In his November 28 nationally syndicated Washington Post column, George F. Will cited a dubious 2002 American Enterprise Institute (AEI) study of college professors' voter registrations to support his argument that liberals "dominate" American academia. Will failed to note that the study , conducted by the conservative think tank's magazine, The American Enterprise, surveyed professors selectively chosen from the social science disciplines.
As Media Matters for America has noted, former CBS News political director Martin Plissner detailed the AEI study's flaws in an article for The American Prospect; most notably, he showed that those conducting the study selectively chose the academic disciplines they examined. The study therefore included a disproportionate number of professors from history and women's studies departments, while virtually ignoring other departments where professors may trend more conservative, such as engineering, business, law, and medicine.
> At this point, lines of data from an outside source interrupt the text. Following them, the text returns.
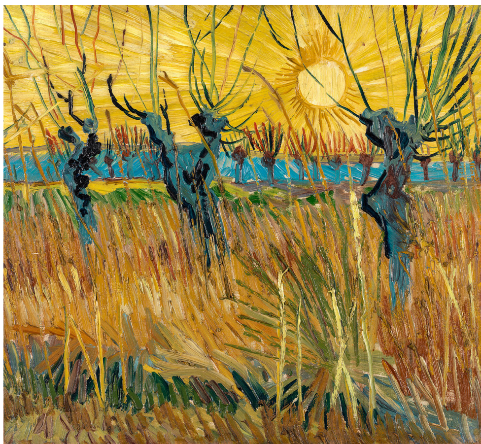
Vincent van Gogh, Stynede piletræer ved solnedgang , 1888. Coll. Kröller-Müller Museum, Otterlo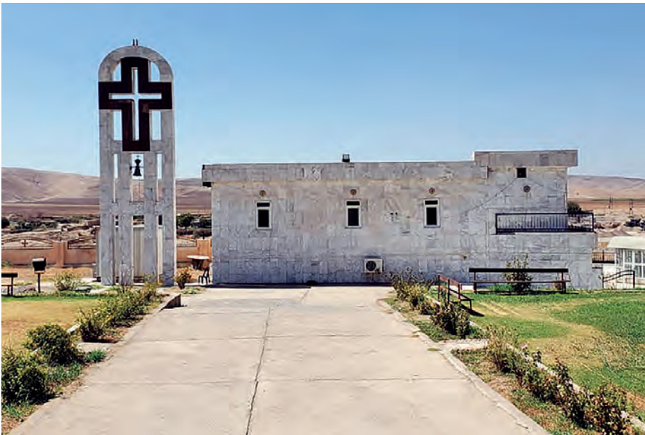
Église assyrienne dans la vallée du Khabour, en Syrie.

La guerre en Iran, élargie à de nombreux pays, redistribue les cartes au Moyen-Orient. Comment préserver la place des chrétiens dans cette région traversée par les crises et les conflits ? L'analyse de Loÿs de Pampelonne, directeur de recherche sur le Moyen-Orient de la revue Conflits .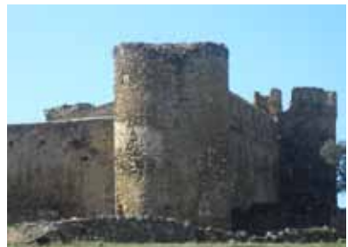
Castillo de Los Arcos

Medios de transporte: a pie, silla de ruedas y vehículos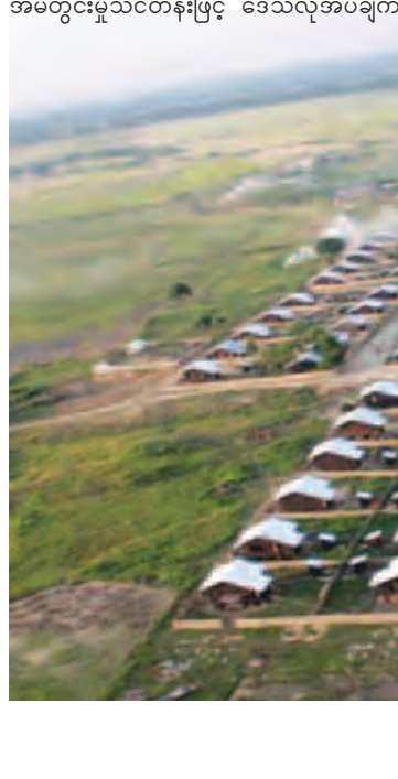
ရခိုင်ပြည်နယ် မောင်တောမြို့နယ် ရွှေရင်အေးကျေးရွာ၌ တန်ဖိုးနည်းအိမ်ရာများ ဆောက်လုပ်ပေးထားသည်ကို တွေ့ရစဉ်။

၂၀၁၁-၂၀၁၂ ဘဏ္ဍာရေးနှစ်မှ ၂၀၁၅-၂၀၁၆ ဘဏ္ဍာရေးနှစ် ၃၀-၉-၂၀၁၅ ရက်ထိ ဆောင်ရွက်ပေးခဲ့သော ပညာရေးအဆောက်အအုံ ဆောက်လုပ်မှုလုပ်ငန်းများ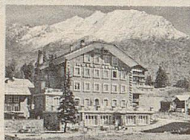
Hotel Allalin Gustav Zurbriggen

Diese Preise wurden gestiftet von folgenden 9 Hotels in Saas Fee: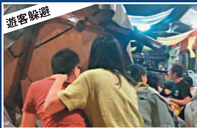
▲聽見槍聲，現場所有人立即趴下躲避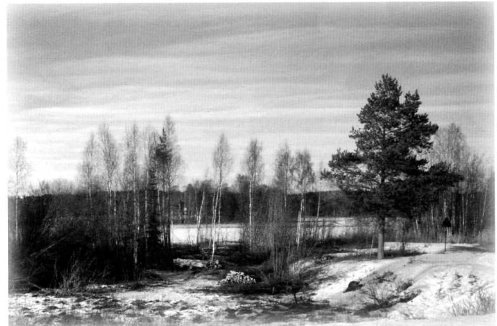
Vinterbild under inledande röjningsarbeten

Ett större sammanhängande madområde som håller på att förbuskas skulle kunna öppnas upp genom att endera gräva upp en vattenyta med ett djup på 0,5 meter med ett antal mindre öar för häckning, (där inte räven kan komma åt bona) eller så bygger man öar på befintlig mark sedan busken tagits bort och höjer sedan vattennivån i sjön till lämpligt djup.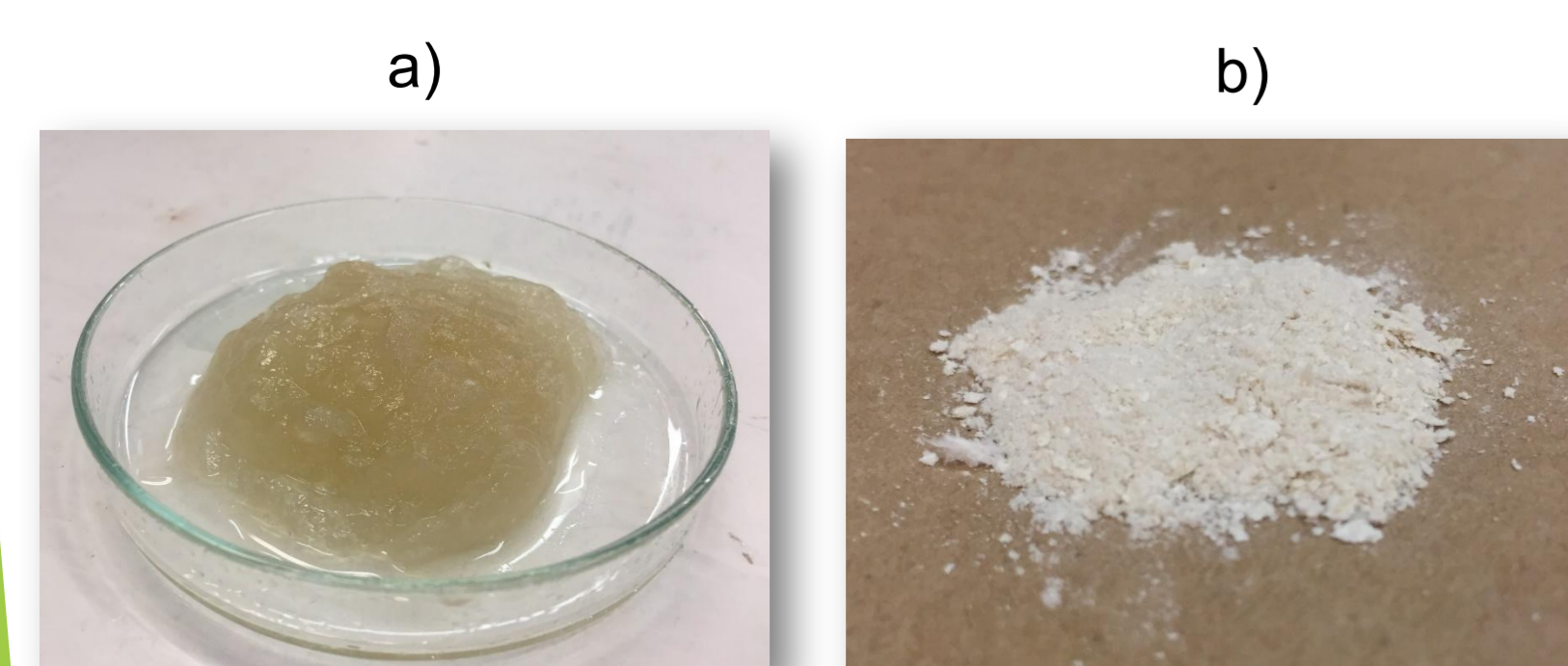
Fig. 2 Exopolisacárido producido por Mesohizobium huakuii Semia 6454 en el medio PC a) EPS recuperado de la precipitación por alcohol b) EPS dializado y liofilizado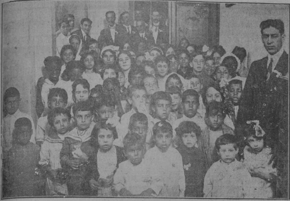
LOS ASISTENTES A LA FIESTA DE SAN NICOLAS.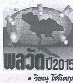
• วิทย์ เทคโนโลยี

ถือเป็นข่าวดี สำหรับคนที่ต้องการใช้คลื่นสื่อสารเชิงพาณิชย์ที่ทันโลกเพราะรอคอยมานานหลายปี ทั้งที่เพื่อนบ้านไทย (ไม่นับเมียนมาร์) ใช้เทคโนโลยีดังกล่าวไปกันหมดแล้ว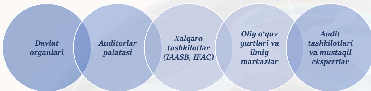
2-rasm. Auditorlik faoliyatining institutsional asoslari 2

Mazkur rasm asosida olib borilgan tahlil shuni ko'rsatadiki, davlat organlari auditorlik faoliyati uchun normativ-huquqiy baza yaratadi va nazorat funksiyasini bajaradi. Auditorlar palatasi va boshqa kasbiy uyushmalar esa auditorlarning manfaatlarini himoya qilish, kasbiy etikani rivojlantirish va malaka oshirishni tashkil etish bilan shug'ullanadi. Xalqaro tashkilotlar tomonidan ishlab chiqilgan standartlar milliy audit tizimini xalqaro talablarga moslashtirishga xizmat qiladi.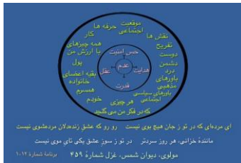
شکل ۲ (دایره عدم)

پس شما با این بیت باید به خودتان نگاه کنید که آیا من روزبه‌روز در اثر عشقی که از زنده‌دلی مثل مولانا صادر می‌شود زنده‌تر می‌شوم یا روزبه‌روز مرده‌تر می‌شوم؟ حالا من اجازه می‌خواهم که به آن چندتا تصویر نگاه بکنیم و یک خرده توضیح بدهیم، برگردیم به اشعار دوباره. پس همین‌طور که می‌بینید بوی یعنی نشان، اثر.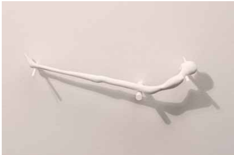
Equilibrio, 2004 acrilico su resina e Plexiglas, 6 + 1 cm 30 x 8 x 8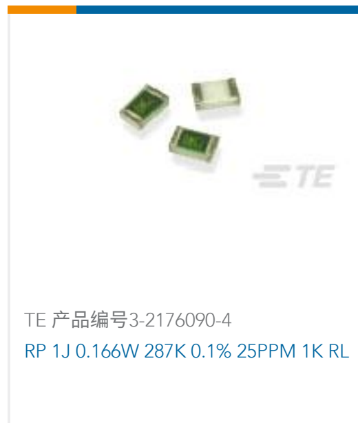
TE 产品编号3-2176090-4 RP 1J 0.166W 287K 0.1% 25PPM 1K RL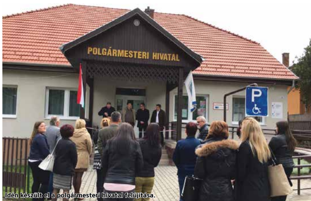
Idén készült el a polgármesteri hivatal felújítása.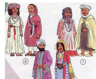
КОСТЮМЫ НАРОДОВ СЕВЕРНОЙ АФРИКИ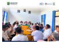
Rapat Dialog Kinerja Dinas Sosial PPPA Kabupaten Trenggalek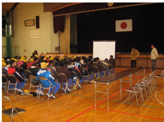
体育館での出前事業

今回のアマモ場造成に際し、海の環境や藻場の役割を理解してもらうために、海浜清掃でタッグを組んでいる環境NPOと共に地元桜井小学校の4年生（88人）を対象に出前授業を行った。小学校5年生から第1次産業についての学習が始まると聞いていたので、予習にもなるのではと考えたのである。体育館での授業の後は全員そろって海岸で種子入りワッシャー（200個）の種まき体験をしてもらった。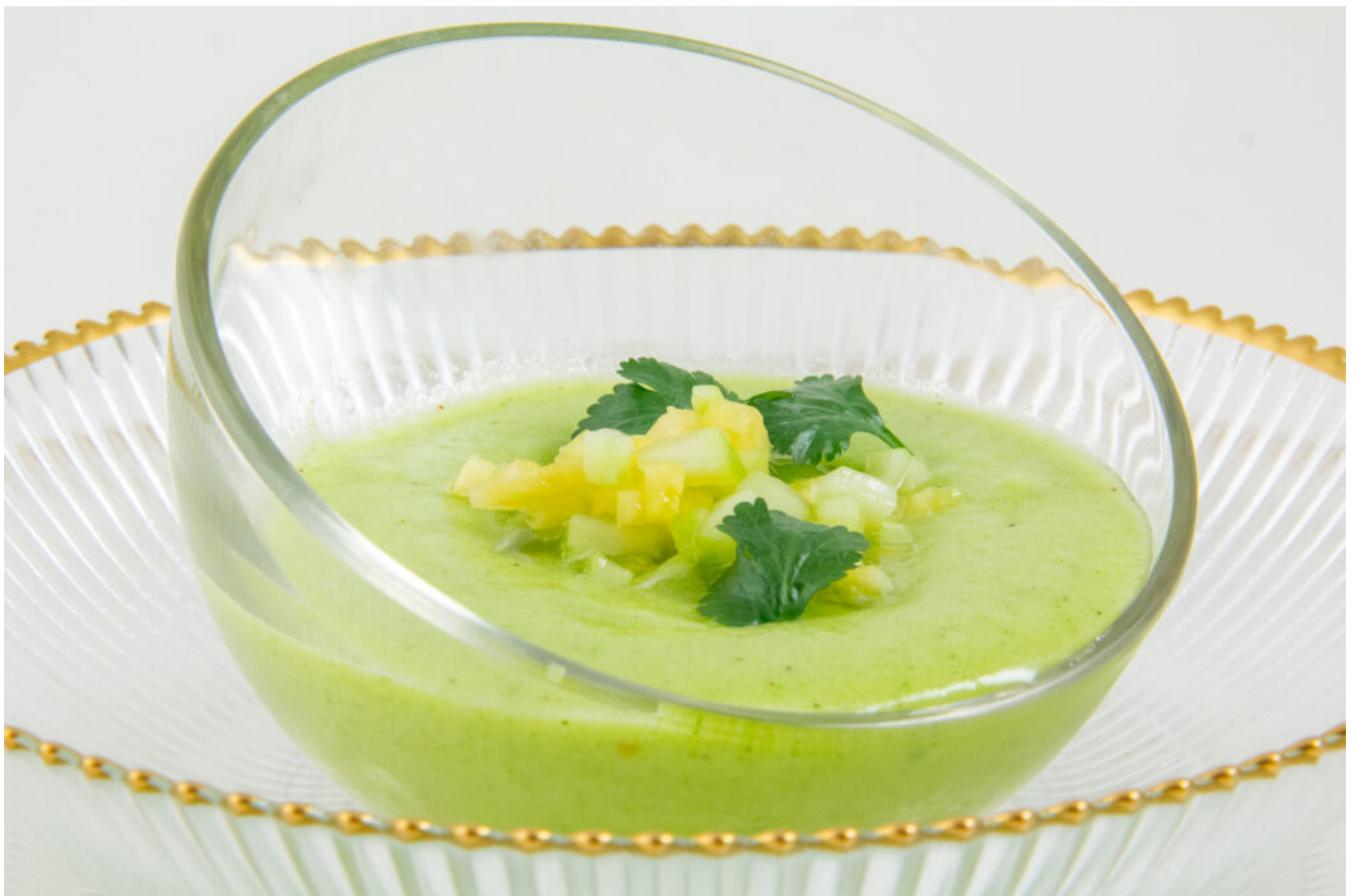
Gaspacho Fraicheur concombre ananas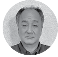
(株)島根銀行 浜田支店 支店長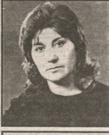
რომ გაიგვის მუშავდება და მასიხობის, ქალბატონი ვიდეო მუშავდება მთავარი როლის მასიხობის მიზანია. იგი, თეატრის მართობის მიზანია, რომლის დახვეწის რეგისტრირება და შესრულებული თავად მასიში მუშავდება. მასიში სახიხობით, რეალურად მუშავდება გაიგვის თანამედროვე ფრანგული მართობების

თბილისი ათეული წელი გაივდა მას შემდეგ, რაც 18 წლის ქალიშვილი მარია დედამ შეიქმნა. მისი სურათები და სხვა უმნიშვნელო ახსნის ნელი ჯიონიელ-სალამისის ქართული როლი გაიგვის ქართული სელონის მიზანია, რომელიც გვიანდაც კულტურის ხალხში დადგის სასილიანი სამედიკომო თბილისის თეატრის მართობის მიზანია. მისი მუშავდება, რომლის დახვეწის რეგისტრირება და შესრულებული თავად მასიში მუშავდება. მასიში სახიხობით, რეალურად მუშავდება გაიგვის თანამედროვე ფრანგული მართობების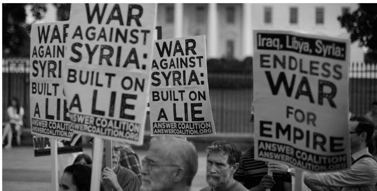
Demonstrace v New Yorku v srpnu 2013 proti válce v Sýrii. 192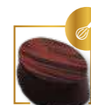
Caramel framboise 228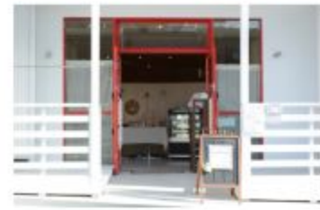
パウンドケーキ Cutiful (キュティフル)

〒657-0059 神戸市灘区森原南町5-5-14 078-891-8810 定休日 不定休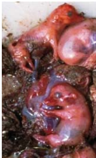
Abortirani pujski, pomešani z blatom

Tako postanejo živali, ki prebolijo akutno ali kronično obliko bolezni, nosilci in izločevalci virusa za vse življenje. Če prebolijo divji prašiči, imamo ves čas nevarnost okužbe iz gozda.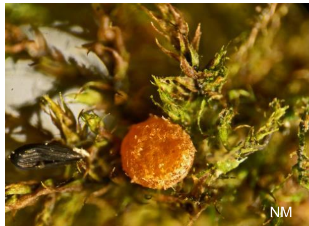
Abb. 4: Octospora wrightii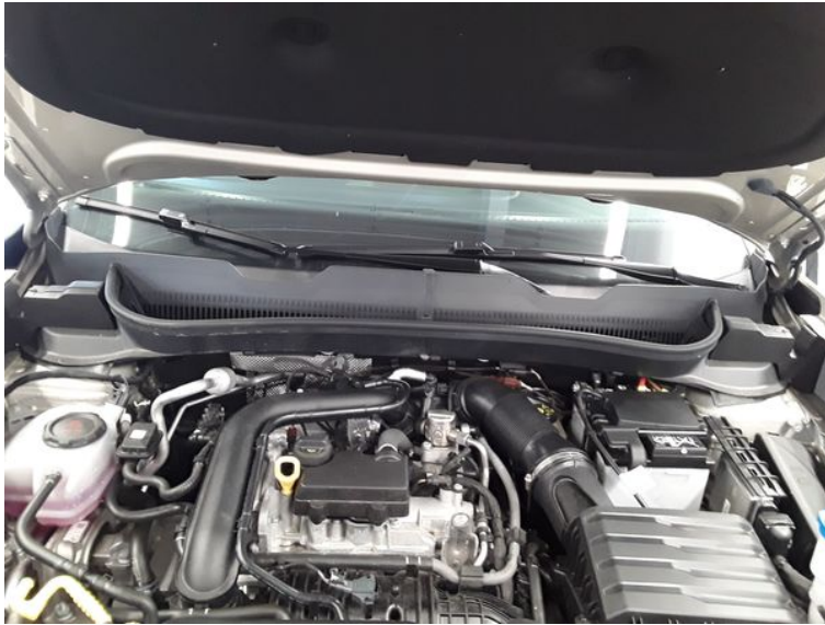
Motorraum / Frunk

Ingenieurbüro für Kfz-Technik GmbH Schmidt - Elsner - Espe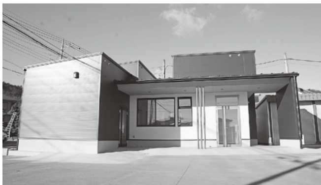
毛呂山町を世界にアピール!

【答】 ゆずの販路については町から東京太田市場へ働きかけをし、冬至用ゆずとして都内スーパーに陳列され、市場入荷を要望されています。今後も『官と民』の連携を強め、商品開発や加工販路開拓などを進め、桂木ゆずなどが周知されるように努力をしていきます。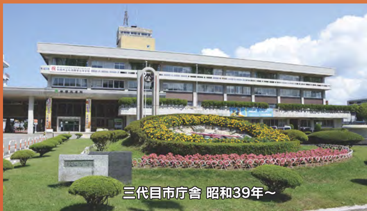
三代目市庁舎 昭和39年～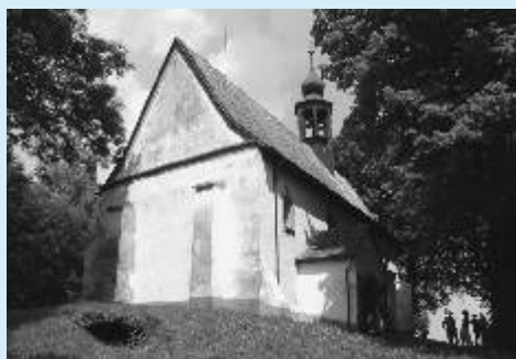
U poutního kostela sv. Linharta v Uhlíšti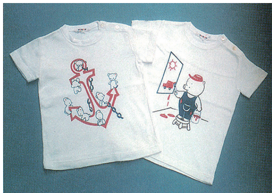
※開発当時のおはなしTシャツ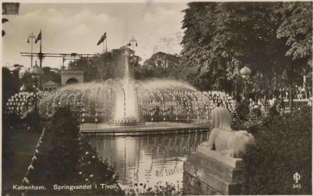
København. Springvandet i Tivoli.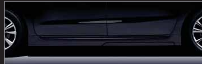
사이드 에어댐 (7/9인승)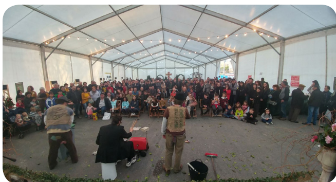
Actuación do Trío Refugallo.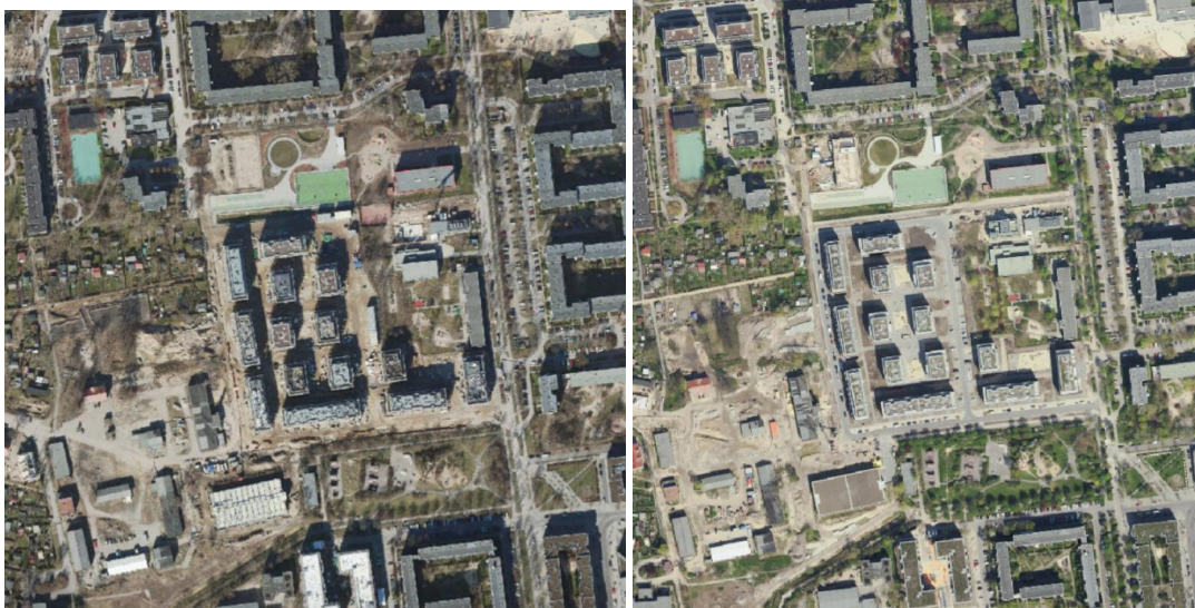
Abb. 4: Zunahme der Einwohnerdichte (Ew/ha) um knapp 400 und 100 Personen in zwei Wohnblöcken zwischen 2022 und 2023 durch Neubaumaßnahmen im Stadtgut Hellersdorf, Quelle der Luftbilder: Geoportal Berlin

Insgesamt muss beachtet werden, dass eine Veränderungskartierung zusätzlich über einen längeren Zeitraum betrachtet werden muss, so dass die Entwicklung hier in den nächsten Jahren fortgeführt und jährlich aktualisiert werden soll.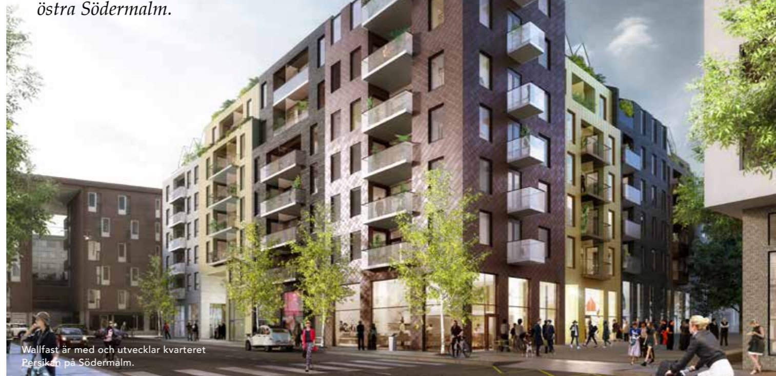
Wallfast är med och utvecklar kvarteret Persikan på Södermalm.

Byggstart hösten 2019. Wallfast bygger omkring 120 hyreslägenheter i kvarteret Persikan på östra Södermalm.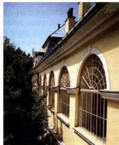
Istočno krilo ulaznog pročelja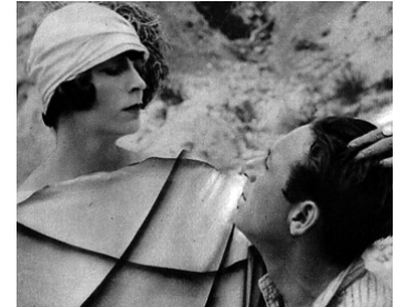
1922 L'ABÎME (Der Absturz) de Ludwig Wolff avec Gregori Chmara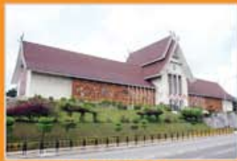
MUZIUM NEGARA, KUALA LUMPUR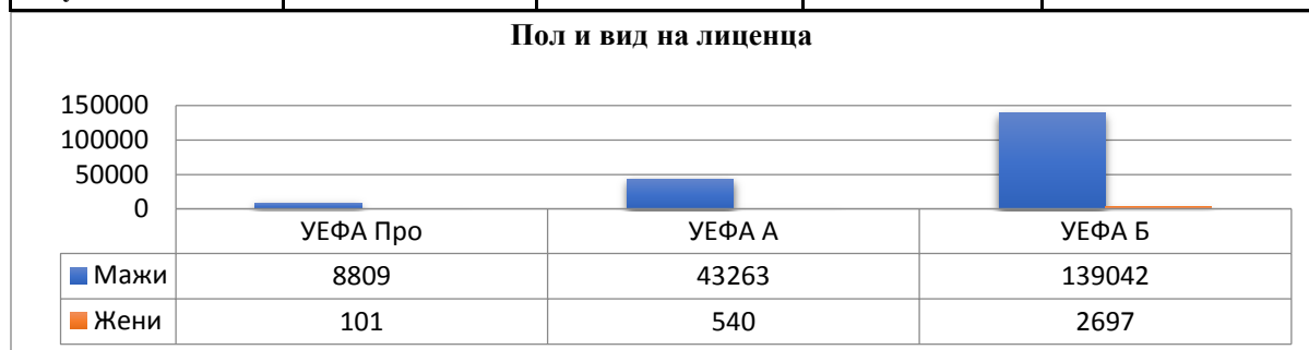
Графикон број 3 - Застапеност на фудбалски тренери според пол и вид на лиценца во 54-те национални фудбалски асоцијации во периодот од 2015-2016 година

Од табела број 3 и графикон број 3 може да се забележи дека од вкупно 194.452 лиценцирани УЕФА Про, УЕФА А и УЕФА Б тренери, мажи се вкупно 191.114, а жени 3.338. Од вкупно 8.910 лиценцирани УЕФА Про тренери, мажите се застапени со 8.809, а жените со 101. Од вкупно 43.803 лиценцирани УЕФА А тренери, мажи се вкупно 43.263, а жени 540. Од вкупно 194.452 лиценцирани УЕФА Б тренери, мажи се вкупно 139.042, а жени 2.697.

Will, however, wrote only the following in his November 28 column about the supposed preponderance of "liberals" on American college campuses:
But we essentially knew this even before the American Enterprise magazine reported in 2002 on examinations of voting records in various college communities. Some findings about professors registered with the two major parties or with liberal or conservative minor parties:
Cornell: 166 liberals, 6 conservatives.
Stanford: 151 liberals, 17 conservatives.
Colorado: 116 liberals, 5 conservatives.
UCLA: 141 liberals, 9 conservatives.